━━━━━ EXERCISE INPUT
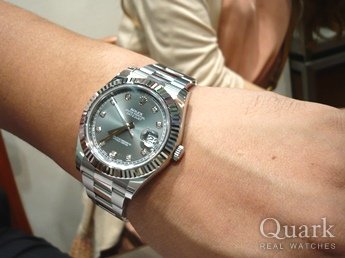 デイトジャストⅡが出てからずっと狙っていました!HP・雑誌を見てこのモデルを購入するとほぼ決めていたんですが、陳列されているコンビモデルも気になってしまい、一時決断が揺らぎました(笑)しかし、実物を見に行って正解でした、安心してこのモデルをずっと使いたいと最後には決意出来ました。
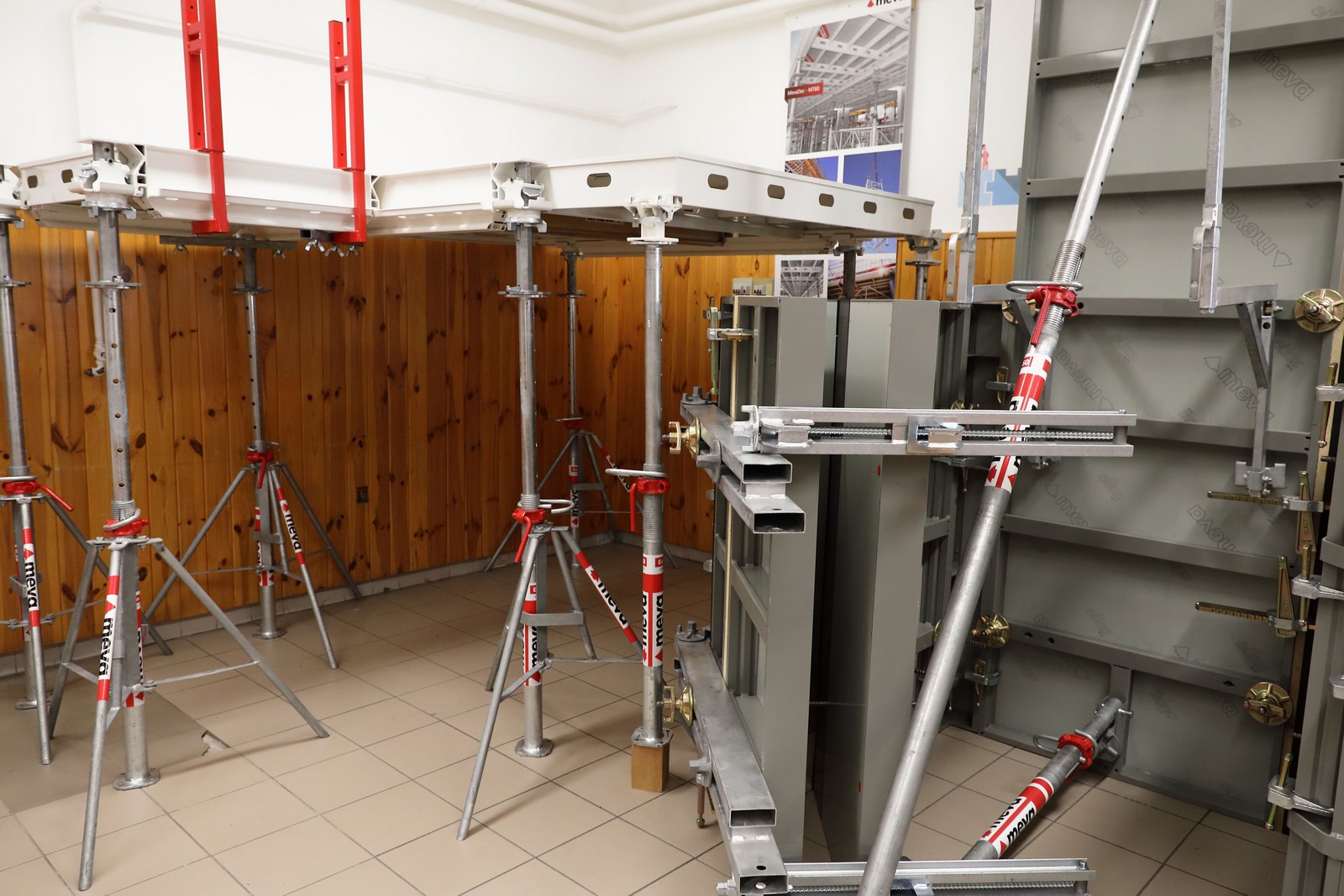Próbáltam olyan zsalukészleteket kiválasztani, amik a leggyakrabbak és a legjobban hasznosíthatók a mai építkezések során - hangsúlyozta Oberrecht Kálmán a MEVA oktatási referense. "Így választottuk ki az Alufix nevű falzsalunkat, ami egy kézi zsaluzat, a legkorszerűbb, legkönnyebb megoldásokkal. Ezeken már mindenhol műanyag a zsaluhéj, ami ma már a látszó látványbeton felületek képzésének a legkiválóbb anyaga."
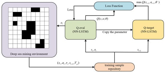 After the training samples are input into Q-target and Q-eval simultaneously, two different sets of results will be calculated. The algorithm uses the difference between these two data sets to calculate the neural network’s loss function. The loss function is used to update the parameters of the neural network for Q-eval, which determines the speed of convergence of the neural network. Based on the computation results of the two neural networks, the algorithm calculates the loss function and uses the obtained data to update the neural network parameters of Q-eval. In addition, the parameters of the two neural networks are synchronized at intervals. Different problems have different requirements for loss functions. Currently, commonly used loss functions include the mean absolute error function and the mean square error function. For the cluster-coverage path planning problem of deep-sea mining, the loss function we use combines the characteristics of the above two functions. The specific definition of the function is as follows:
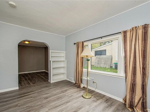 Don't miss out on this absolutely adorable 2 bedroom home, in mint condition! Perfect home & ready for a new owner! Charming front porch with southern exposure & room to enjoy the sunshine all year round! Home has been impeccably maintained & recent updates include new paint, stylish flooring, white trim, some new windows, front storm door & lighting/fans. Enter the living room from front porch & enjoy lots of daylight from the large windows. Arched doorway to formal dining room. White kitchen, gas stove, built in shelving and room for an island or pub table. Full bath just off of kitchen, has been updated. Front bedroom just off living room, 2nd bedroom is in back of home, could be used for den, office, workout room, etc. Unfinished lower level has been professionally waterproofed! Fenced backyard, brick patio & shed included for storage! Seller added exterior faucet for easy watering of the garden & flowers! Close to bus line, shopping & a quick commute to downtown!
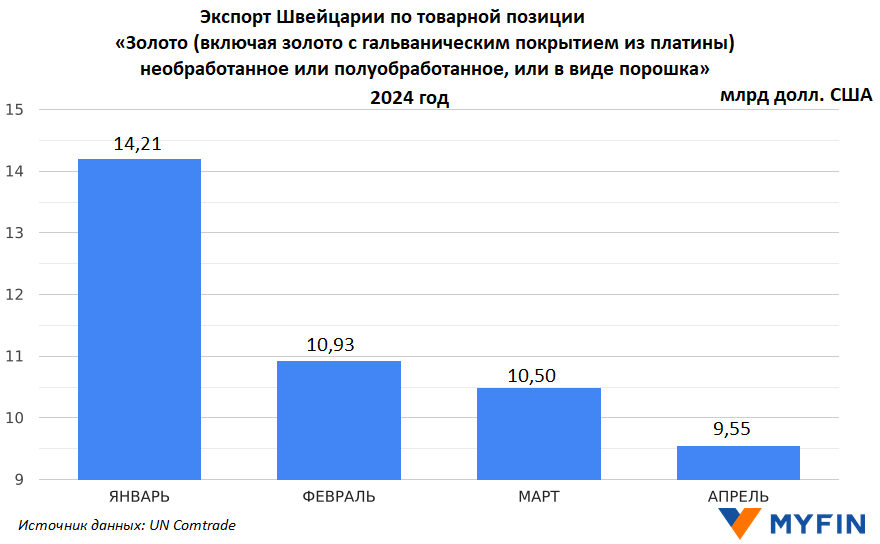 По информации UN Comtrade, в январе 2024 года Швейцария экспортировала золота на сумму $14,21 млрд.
━━━━━━━━━━
Pictures stay out, but every record above is to be returned exactly.

# OUTPUT
 デイトジャストⅡが出てからずっと狙っていました!HP・雑誌を見てこのモデルを購入するとほぼ決めていたんですが、陳列されているコンビモデルも気になってしまい、一時決断が揺らぎました(笑)しかし、実物を見に行って正解でした、安心してこのモデルをずっと使いたいと最後には決意出来ました。
Próbáltam olyan zsalukészleteket kiválasztani, amik a leggyakrabbak és a legjobban hasznosíthatók a mai építkezések során - hangsúlyozta Oberrecht Kálmán a MEVA oktatási referense. "Így választottuk ki az Alufix nevű falzsalunkat, ami egy kézi zsaluzat, a legkorszerűbb, legkönnyebb megoldásokkal. Ezeken már mindenhol műanyag a zsaluhéj, ami ma már a látszó látványbeton felületek képzésének a legkiválóbb anyaga."
 After the training samples are input into Q-target and Q-eval simultaneously, two different sets of results will be calculated. The algorithm uses the difference between these two data sets to calculate the neural network’s loss function. The loss function is used to update the parameters of the neural network for Q-eval, which determines the speed of convergence of the neural network. Based on the computation results of the two neural networks, the algorithm calculates the loss function and uses the obtained data to update the neural network parameters of Q-eval. In addition, the parameters of the two neural networks are synchronized at intervals. Different problems have different requirements for loss functions. Currently, commonly used loss functions include the mean absolute error function and the mean square error function. For the cluster-coverage path planning problem of deep-sea mining, the loss function we use combines the characteristics of the above two functions. The specific definition of the function is as follows:
 Don't miss out on this absolutely adorable 2 bedroom home, in mint condition! Perfect home & ready for a new owner! Charming front porch with southern exposure & room to enjoy the sunshine all year round! Home has been impeccably maintained & recent updates include new paint, stylish flooring, white trim, some new windows, front storm door & lighting/fans. Enter the living room from front porch & enjoy lots of daylight from the large windows. Arched doorway to formal dining room. White kitchen, gas stove, built in shelving and room for an island or pub table. Full bath just off of kitchen, has been updated. Front bedroom just off living room, 2nd bedroom is in back of home, could be used for den, office, workout room, etc. Unfinished lower level has been professionally waterproofed! Fenced backyard, brick patio & shed included for storage! Seller added exterior faucet for easy watering of the garden & flowers! Close to bus line, shopping & a quick commute to downtown!
 По информации UN Comtrade, в январе 2024 года Швейцария экспортировала золота на сумму $14,21 млрд.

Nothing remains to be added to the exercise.